*Data shown*:

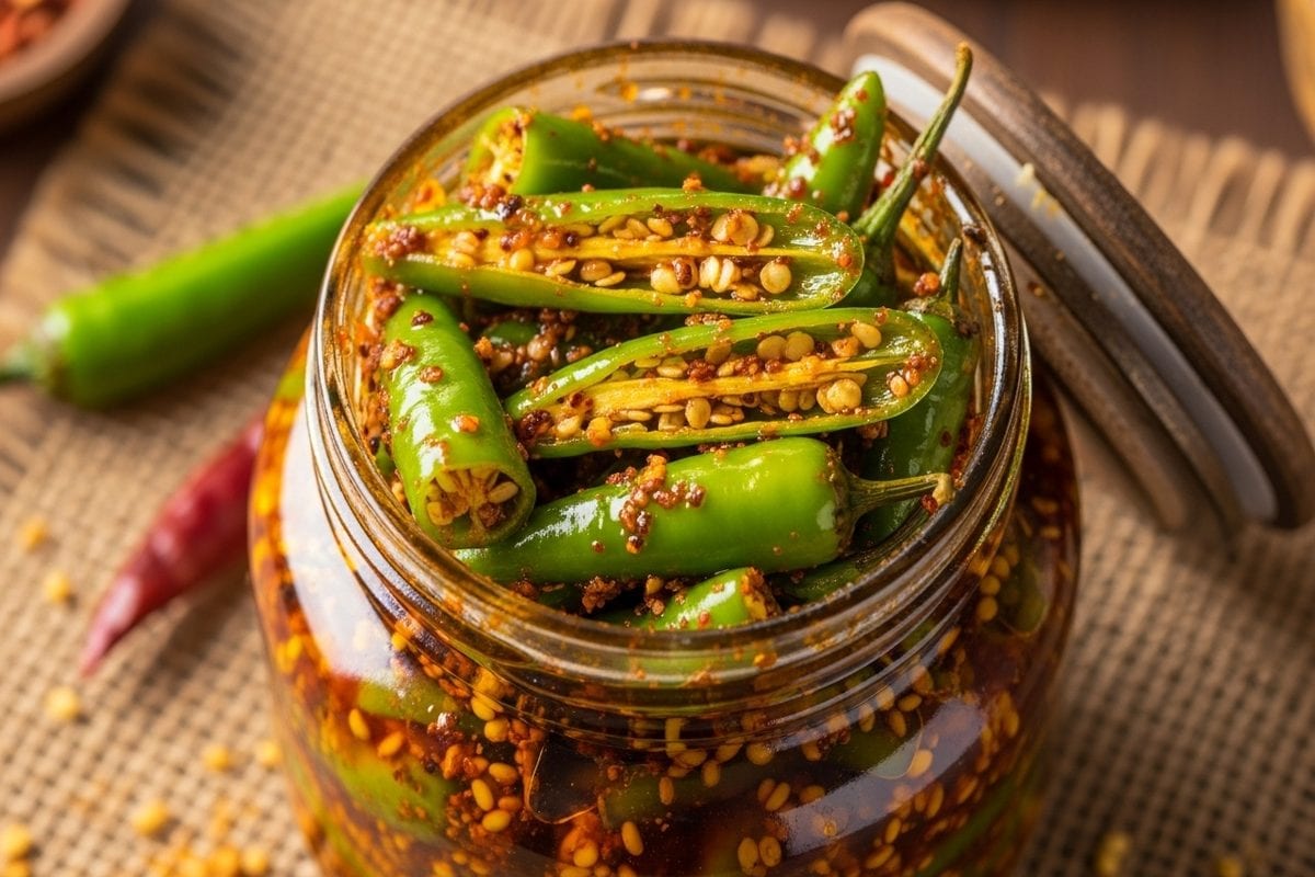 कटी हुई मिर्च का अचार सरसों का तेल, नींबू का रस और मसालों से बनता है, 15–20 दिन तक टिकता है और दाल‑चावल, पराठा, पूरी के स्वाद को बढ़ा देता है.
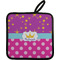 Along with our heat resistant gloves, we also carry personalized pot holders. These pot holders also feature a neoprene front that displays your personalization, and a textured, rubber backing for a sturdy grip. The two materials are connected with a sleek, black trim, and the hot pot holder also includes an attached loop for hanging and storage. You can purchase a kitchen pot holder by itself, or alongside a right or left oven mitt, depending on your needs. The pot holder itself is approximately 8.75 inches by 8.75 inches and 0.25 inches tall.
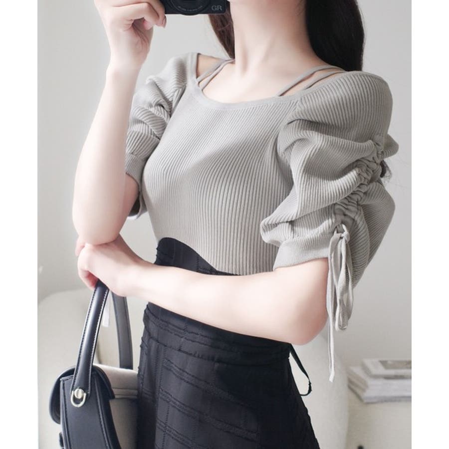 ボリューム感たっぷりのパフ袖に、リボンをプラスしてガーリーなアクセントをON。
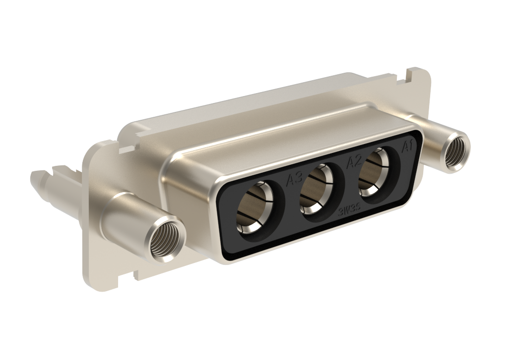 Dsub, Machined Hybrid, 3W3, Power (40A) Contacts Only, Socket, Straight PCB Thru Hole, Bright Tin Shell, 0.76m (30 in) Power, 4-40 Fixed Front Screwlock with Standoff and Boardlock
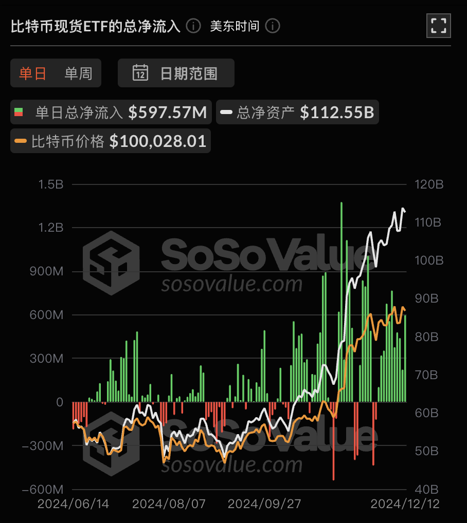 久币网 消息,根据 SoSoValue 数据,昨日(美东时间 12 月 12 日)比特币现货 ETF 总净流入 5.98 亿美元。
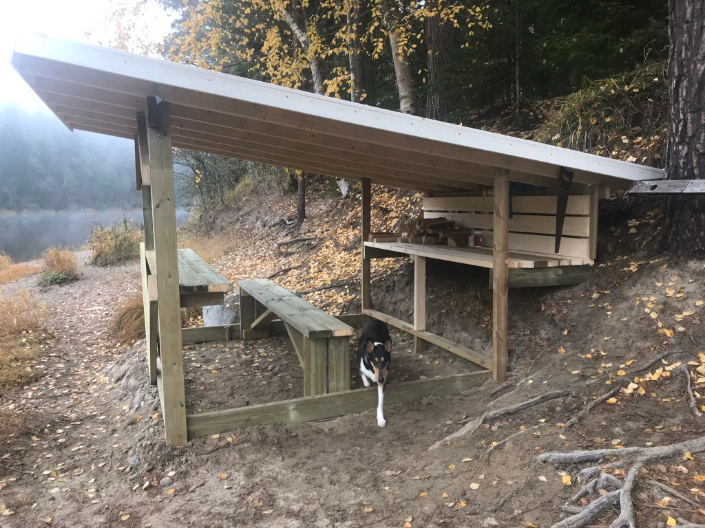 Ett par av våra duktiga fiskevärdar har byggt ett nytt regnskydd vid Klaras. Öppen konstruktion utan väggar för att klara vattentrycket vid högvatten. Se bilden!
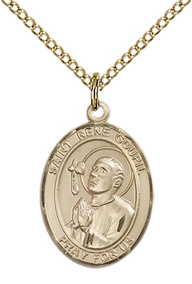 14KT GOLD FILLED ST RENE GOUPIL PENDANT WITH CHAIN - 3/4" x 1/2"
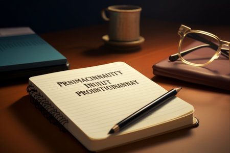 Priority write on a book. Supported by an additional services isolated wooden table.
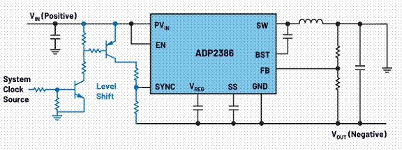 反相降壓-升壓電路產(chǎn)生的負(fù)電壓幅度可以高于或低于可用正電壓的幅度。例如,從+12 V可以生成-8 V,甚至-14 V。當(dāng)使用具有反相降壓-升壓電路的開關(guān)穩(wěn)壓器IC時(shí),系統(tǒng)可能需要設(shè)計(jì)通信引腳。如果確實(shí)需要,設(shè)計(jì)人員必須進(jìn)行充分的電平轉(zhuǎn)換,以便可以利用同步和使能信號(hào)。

...

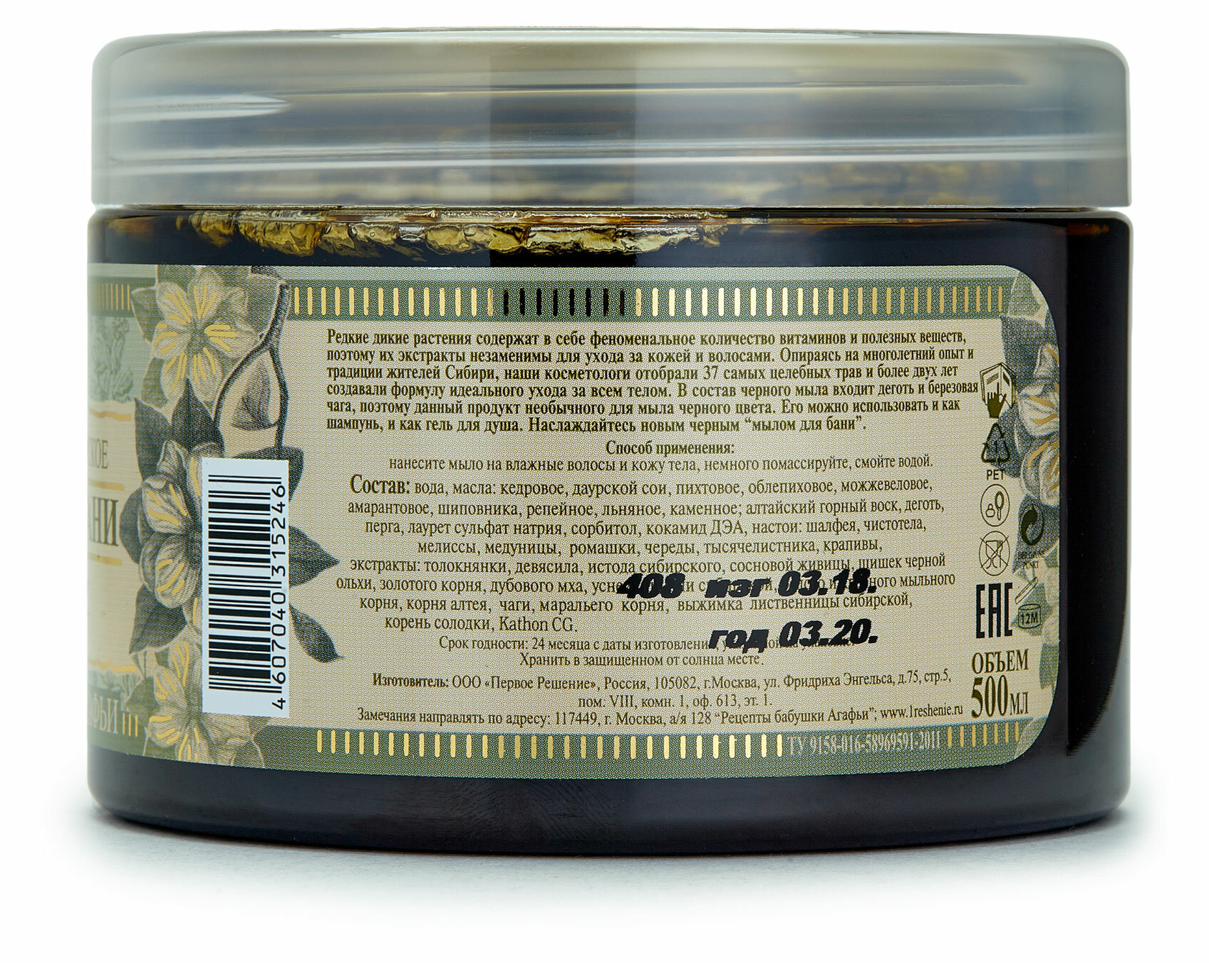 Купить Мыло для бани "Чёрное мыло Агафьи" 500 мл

*Exercise requirements*: Keep to the lines above from the line with "कटी हुई मिर्च" to the line with "久币网 消息,根据 SoSoValue", and set down exactly those, inclusive, with nothing else and every picture left out.

*Answer to this task*:
 कटी हुई मिर्च का अचार सरसों का तेल, नींबू का रस और मसालों से बनता है, 15–20 दिन तक टिकता है और दाल‑चावल, पराठा, पूरी के स्वाद को बढ़ा देता है.
 Along with our heat resistant gloves, we also carry personalized pot holders. These pot holders also feature a neoprene front that displays your personalization, and a textured, rubber backing for a sturdy grip. The two materials are connected with a sleek, black trim, and the hot pot holder also includes an attached loop for hanging and storage. You can purchase a kitchen pot holder by itself, or alongside a right or left oven mitt, depending on your needs. The pot holder itself is approximately 8.75 inches by 8.75 inches and 0.25 inches tall.
 ボリューム感たっぷりのパフ袖に、リボンをプラスしてガーリーなアクセントをON。
 Dsub, Machined Hybrid, 3W3, Power (40A) Contacts Only, Socket, Straight PCB Thru Hole, Bright Tin Shell, 0.76m (30 in) Power, 4-40 Fixed Front Screwlock with Standoff and Boardlock
 久币网 消息,根据 SoSoValue 数据,昨日(美东时间 12 月 12 日)比特币现货 ETF 总净流入 5.98 亿美元。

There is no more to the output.